■ **WHAT THE TASK REQUIRES**: Look below for the lines from the one with "A stylish and" to the one with "6年生の家庭科の授業です。夏", and copy exactly those lines, both ends included.

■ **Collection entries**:
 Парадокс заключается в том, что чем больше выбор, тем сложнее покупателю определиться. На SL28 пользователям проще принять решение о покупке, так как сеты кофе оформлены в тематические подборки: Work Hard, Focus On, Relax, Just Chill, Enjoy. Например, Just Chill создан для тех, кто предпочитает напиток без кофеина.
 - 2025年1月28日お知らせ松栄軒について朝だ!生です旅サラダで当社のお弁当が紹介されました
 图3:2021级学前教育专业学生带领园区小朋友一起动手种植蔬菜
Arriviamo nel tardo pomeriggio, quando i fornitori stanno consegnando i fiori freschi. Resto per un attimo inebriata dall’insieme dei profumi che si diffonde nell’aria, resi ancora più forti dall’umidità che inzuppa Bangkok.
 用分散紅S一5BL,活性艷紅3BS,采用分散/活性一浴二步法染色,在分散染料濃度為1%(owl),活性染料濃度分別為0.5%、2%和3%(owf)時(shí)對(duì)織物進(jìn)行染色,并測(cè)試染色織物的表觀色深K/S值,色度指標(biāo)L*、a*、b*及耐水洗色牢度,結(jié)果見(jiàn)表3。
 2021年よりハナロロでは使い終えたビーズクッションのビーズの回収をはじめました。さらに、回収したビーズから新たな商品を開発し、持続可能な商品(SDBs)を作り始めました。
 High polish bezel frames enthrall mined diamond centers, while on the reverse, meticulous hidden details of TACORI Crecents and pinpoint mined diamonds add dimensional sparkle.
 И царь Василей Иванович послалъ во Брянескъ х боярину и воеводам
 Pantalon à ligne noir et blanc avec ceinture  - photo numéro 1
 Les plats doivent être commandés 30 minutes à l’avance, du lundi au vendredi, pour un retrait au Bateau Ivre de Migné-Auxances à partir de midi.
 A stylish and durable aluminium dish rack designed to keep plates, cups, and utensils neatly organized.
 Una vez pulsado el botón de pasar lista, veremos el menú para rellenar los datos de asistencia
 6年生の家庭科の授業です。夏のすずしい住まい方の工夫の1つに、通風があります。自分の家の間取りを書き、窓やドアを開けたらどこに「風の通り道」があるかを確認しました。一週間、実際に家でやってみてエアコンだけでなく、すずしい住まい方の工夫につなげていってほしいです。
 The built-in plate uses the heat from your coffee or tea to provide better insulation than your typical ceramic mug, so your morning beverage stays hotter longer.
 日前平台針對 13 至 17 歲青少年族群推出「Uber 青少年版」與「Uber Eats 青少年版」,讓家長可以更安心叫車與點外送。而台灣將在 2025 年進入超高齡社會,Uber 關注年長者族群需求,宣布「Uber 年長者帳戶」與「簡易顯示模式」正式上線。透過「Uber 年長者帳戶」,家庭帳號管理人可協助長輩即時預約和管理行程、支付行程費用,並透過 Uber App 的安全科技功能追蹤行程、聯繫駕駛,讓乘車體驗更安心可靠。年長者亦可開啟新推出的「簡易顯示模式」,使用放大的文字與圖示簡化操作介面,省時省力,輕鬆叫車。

■ **SOLUTION TO THIS PROBLEM**:
 A stylish and durable aluminium dish rack designed to keep plates, cups, and utensils neatly organized.
 Una vez pulsado el botón de pasar lista, veremos el menú para rellenar los datos de asistencia
 6年生の家庭科の授業です。夏のすずしい住まい方の工夫の1つに、通風があります。自分の家の間取りを書き、窓やドアを開けたらどこに「風の通り道」があるかを確認しました。一週間、実際に家でやってみてエアコンだけでなく、すずしい住まい方の工夫につなげていってほしいです。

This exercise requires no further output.